In constructing diagnostic algorithms and/or calculating probabilities of myocardial infarction (MI) for patients being investigated for possible ACS in the emergency department I have noticed that there is a wide range of prevalences of MI (~2 to 20%). My discussions with clinical specialists suggest that there are some differences because of cohort selection, but most difference is because of clinician behaviour (eg more likely to investigate if in a litigious culture) or health system (eg v low risk patients more likely to be cared for within primary care & not reach the ED). ie the assumption is that the true population prevalence of MI is similar (at least in Western countries), but that the population being assessed varies. The alluvial plots illustrate this.
The assumption is that in the low-prevalence population there are many more people with very low-risk of MI being assessed in ED that are not assessed in the high-prevalence population.
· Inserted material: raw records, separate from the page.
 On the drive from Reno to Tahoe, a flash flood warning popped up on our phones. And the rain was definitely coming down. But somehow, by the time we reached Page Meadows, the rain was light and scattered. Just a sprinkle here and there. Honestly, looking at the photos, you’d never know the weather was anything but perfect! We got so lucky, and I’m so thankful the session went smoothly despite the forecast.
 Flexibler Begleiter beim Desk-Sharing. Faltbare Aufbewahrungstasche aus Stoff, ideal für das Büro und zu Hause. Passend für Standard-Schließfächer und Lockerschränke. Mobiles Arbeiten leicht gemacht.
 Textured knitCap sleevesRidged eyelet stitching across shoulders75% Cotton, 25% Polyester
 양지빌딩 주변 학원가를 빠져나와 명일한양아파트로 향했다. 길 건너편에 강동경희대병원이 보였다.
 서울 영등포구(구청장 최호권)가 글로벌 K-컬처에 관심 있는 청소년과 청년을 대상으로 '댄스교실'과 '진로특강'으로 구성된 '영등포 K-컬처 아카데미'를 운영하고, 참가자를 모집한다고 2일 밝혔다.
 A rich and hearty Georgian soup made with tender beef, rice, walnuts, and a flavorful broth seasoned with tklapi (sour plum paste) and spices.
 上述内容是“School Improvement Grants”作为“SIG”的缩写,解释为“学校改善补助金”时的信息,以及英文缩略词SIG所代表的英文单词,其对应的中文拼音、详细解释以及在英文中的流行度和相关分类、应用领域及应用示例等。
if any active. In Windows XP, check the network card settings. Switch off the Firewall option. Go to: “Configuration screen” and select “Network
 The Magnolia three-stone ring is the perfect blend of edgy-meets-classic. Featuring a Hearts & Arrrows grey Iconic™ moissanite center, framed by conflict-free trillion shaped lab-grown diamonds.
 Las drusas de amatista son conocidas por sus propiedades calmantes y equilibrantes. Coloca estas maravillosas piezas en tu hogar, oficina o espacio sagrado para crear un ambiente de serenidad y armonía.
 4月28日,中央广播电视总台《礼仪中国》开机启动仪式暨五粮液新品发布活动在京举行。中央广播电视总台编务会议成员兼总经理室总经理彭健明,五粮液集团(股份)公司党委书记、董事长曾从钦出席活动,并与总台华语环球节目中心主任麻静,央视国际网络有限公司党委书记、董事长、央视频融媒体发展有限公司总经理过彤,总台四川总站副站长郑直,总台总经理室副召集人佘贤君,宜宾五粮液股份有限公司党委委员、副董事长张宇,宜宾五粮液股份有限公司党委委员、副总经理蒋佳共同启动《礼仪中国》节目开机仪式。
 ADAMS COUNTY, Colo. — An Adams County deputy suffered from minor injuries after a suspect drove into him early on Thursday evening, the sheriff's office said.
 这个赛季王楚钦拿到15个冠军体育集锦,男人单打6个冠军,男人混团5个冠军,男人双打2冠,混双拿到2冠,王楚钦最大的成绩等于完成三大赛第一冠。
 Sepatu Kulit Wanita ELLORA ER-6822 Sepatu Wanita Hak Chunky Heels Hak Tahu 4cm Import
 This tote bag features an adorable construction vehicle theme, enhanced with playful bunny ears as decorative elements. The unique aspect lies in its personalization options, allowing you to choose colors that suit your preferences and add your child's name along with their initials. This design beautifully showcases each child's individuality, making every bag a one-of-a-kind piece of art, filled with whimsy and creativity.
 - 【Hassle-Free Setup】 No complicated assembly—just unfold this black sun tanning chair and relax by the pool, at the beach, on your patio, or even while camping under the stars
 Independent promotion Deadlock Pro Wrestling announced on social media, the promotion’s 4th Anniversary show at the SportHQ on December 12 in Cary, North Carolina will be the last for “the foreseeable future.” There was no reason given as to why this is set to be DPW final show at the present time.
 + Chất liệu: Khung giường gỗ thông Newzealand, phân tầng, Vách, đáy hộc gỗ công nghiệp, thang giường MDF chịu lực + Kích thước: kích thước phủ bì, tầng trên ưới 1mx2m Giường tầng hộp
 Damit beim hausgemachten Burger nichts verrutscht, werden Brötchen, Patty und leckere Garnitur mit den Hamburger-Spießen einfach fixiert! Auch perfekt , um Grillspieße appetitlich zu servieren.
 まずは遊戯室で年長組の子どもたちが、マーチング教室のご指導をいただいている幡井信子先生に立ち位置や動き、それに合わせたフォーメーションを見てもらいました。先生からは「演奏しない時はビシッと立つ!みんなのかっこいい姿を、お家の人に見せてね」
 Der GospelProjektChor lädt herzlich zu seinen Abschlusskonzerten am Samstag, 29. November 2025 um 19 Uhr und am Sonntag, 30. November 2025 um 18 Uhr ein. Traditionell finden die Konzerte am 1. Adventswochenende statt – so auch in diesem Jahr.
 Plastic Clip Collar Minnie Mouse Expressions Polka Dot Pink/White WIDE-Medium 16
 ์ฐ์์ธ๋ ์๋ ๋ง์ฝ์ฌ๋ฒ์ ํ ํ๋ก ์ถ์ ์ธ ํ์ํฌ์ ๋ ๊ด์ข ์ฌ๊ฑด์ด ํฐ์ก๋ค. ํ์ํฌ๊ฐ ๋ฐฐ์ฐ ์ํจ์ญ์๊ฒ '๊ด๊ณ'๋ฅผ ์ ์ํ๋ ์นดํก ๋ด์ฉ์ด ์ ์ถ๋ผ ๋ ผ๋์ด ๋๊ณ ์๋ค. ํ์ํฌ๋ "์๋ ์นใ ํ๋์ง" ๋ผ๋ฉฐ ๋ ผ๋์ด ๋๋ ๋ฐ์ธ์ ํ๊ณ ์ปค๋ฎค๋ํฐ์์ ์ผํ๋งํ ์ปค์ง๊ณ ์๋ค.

If we assume that the true population prevalence of MI is similar in both cases then when it comes to developing risk prediction models:
Would developing a risk prediction model in the high-prevalence population be more likely to be generalisable to the low-prevalence population but not vice versa? [my guess is “yes” but I may be wrong]
Under the assumption that the difference is in the numbers of very low-risk patients who don’t have MI, is there a way we can incorporate prevalence into a model or be used to adjust a model so as to improve calibration when a model is used in a cohort with a prevalence different from that in which it was derived?
Note - if we are to provide probabilities to clinicians instead of a diagnostic algorithm then we would expect that clinicians would use a very low (eg ~1%) probability to rule-out MI. However, I am concerned that if (as has been done) a model is developed and pre-specifies a decision probability threshold that this may not travel way.